The invention relates to a voltage abnormity fault diagnosis method of a lithium ion battery pack based on double models, which belongs to the technical field of battery safety and comprises the following steps of 1: collecting battery charge and discharge data including current, voltage, temperature and SOC; step 2: establishing a second-order equivalent circuit model, and identifying model parameters by using a least square method to obtain various parameters of models at different temperatures and SOC; and step 3: establishing LSTM and Dense models, and training a network model by using collected normal lithium battery operation data; and 4, step 4: the SOC obtained by LSTM prediction is respectively used for the voltages of the output ends of the second-order equivalent circuit model and the Dense model, and then a more accurate terminal voltage than before is obtained by combining the terminal voltages output by the two models; and 5: and generating a residual error between the model terminal voltage and the actually operated terminal voltage, evaluating the residual error by using the CUSUM, and determining that a fault occurs if the residual error exceeds a threshold value.

Description

Dual-model-based lithium ion battery pack voltage abnormity fault diagnosis method

Technical Field

The invention belongs to the technical field of battery safety, and relates to a voltage abnormity fault diagnosis method of a lithium ion battery pack based on a dual model.

Background

With the increasing severity of energy crisis, the development of new energy sources becomes more and more important. The lithium battery technology is the core of the new energy field, and is comprehensively developed in various fields such as portable equipment, satellites, reserve power supplies, electric vehicles and the like due to the ultrahigh applicability of the lithium battery technology. In the application of the secondary power supply which is greatly advocated in China at present, the lithium battery has excellent potential and wide prospect. The lithium battery can be inevitably aged and various faults and other abnormal conditions occur after being used for a long time, if the abnormal conditions are not identified and isolated in time, serious faults are likely to occur, and further thermal runaway and even explosion are caused. The safety of the lithium battery is very important, and the development of new energy industry is restricted, so that the lithium battery fault diagnosis technology is indispensable.

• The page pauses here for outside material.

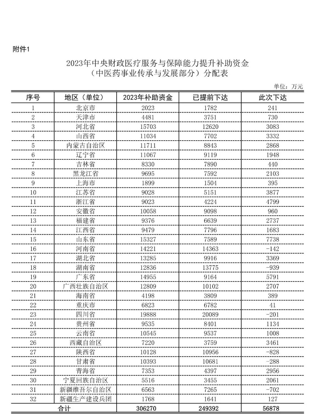 财社〔2023〕29号 各省、自治区、直辖市财政厅(局)、中医药主管部门,新疆生产建设兵团财政局、卫生健康委: 按照《国务院办公厅关于印发医疗卫生领域中央与地方财政事权和支出责任划分改革方案的通知》(国办发〔2018〕67号)有关要求,根据《财政部 国家卫生健康委 国家医保局 国家中医药局 国家疾控局关于修订基本公共卫生服务等5项补助资金管理办法的通知》(财社〔2022〕31号)中《医疗服务与保障能力提升补助资金管理办法》有关规定,经研究,现下达你省(自治区、直辖市、新疆生产建设兵团,以下统称省)2023年医疗服务与保障能力提升补助资金(中医药事业传承与发展部分,项目代码:10000015Z155080000004,见附件1)预算指标,用于支持你省中医药事业传承创新发展。现将有关事项通知如下: 一、该项收入请列入2023年政府收支分类科目“1100249医疗卫生共同财政事权转移支付收入”,支出列“210卫生健康支出”中医药有关支出科目。 二、此次下达的补助资金列入直达资金管理,直达资金标识贯穿资金分配、拨付、使用等整个环节,财政部对直达资金实行动态监控。省级财政部门应在接到中央直达资金指标发文后21日内制定直达资金分配方案,并向财政部备案。 三、你省在下达该项转移支付时,可单独下达预算指标文件,或在预算指标文件中与非直达资金预算指标分别列示,在预算管理一体化系统中分别下达,并保持中央直达资金标识不变。财政部门将中央直达资金分解落实到单位和具体项目时,对资金来源既包含中央直达资金又包含地方对应安排资金的,应在预算指标文件、信息管理系统中按资金明细来源分别列示和登录预算指标。 四、为提高资金使用效益,地方各级财政部门要会同中医药主管部门结合本地实际,统筹安排并使用好中央财政补助资金和地方财政补助资金,促进中医药服务能力提升,切实加强资金管理,提高资金使用效益。 五、为进一步加强预算绩效管理,切实提高财政资金使用效益,请在组织预算执行中对照你省区域绩效目标(见附件2)做好绩效监控,确保年度绩效目标如期实现。同时,请将你省绩效目标及时对下分解,做好本地区预算绩效管理工作。各市县确定的绩效目标经同级财政部门审核后,报省级财政及中医药主管部门备案,并抄送财政部当地监管局。你省中医药主管部门负责对本地区绩效目标完成情况进行考核,国家中医药局会同财政部对考核结果进行检查。考核结果与中央财政补助资金安排挂钩。 附件: 1. 2023年中央财政医疗服务与保障能力提升补助资金(中医药事业传承与发展部分)分配表 2.医疗服务与保障能力提升补助资金(中医药事业传承与发展部分)区域绩效目标表(分发地方) 财政部 国家中医药局 2023年4月11日

Most of the existing battery management systems operate by monitoring and estimating various state parameters of the lithium battery, wherein the safety management of the battery is not mature, most of the existing fault diagnosis technologies diagnose through voltage, and the reliability of the fault diagnosis technology is influenced by the voltage precision because various faults and abnormal conditions of the lithium battery are generally expressed through terminal voltage.

Disclosure of Invention

In view of this, the present invention provides a method for diagnosing abnormal voltage faults of a lithium ion battery pack based on a dual model, so as to improve the accuracy of output voltage based on the model.

In order to achieve the purpose, the invention provides the following technical scheme:

a lithium ion battery pack voltage abnormity fault diagnosis method based on dual models comprises the following steps:

step 1: collecting battery charge and discharge data including current, voltage, temperature and SOC;

step 2: establishing a second-order equivalent circuit model, and identifying model parameters by using a least square method to obtain various parameters of models at different temperatures and SOC, wherein the parameters comprise open-circuit voltage, ohmic internal resistance, electrochemical polarization RC and concentration polarization RC;

and step 3: establishing LSTM and full connection layer Dense models, and training a network model by using collected normal lithium battery operation data;

and 4, step 4: the SOC obtained by LSTM prediction is respectively used for the output end voltages of a second-order equivalent circuit model and a full connection layer Dense model, and then a more accurate end voltage than before is obtained by combining the end voltages output by the two models;

and 5: and generating a residual error between the model terminal voltage and the actually operated terminal voltage, evaluating the residual error by using the CUSUM, and determining that a fault occurs if the residual error exceeds a threshold value.

Further, in step 2, the model parameters are identified by a least square method, and the mathematical expression is as follows:

finally obtaining model parameters under different temperatures and SOC, and expressing the relationship of the model parameters as

X＝f_X(SOC，Te)

X is a certain parameter of the model, SOC is the state of charge of the battery, and Te is the measured temperature.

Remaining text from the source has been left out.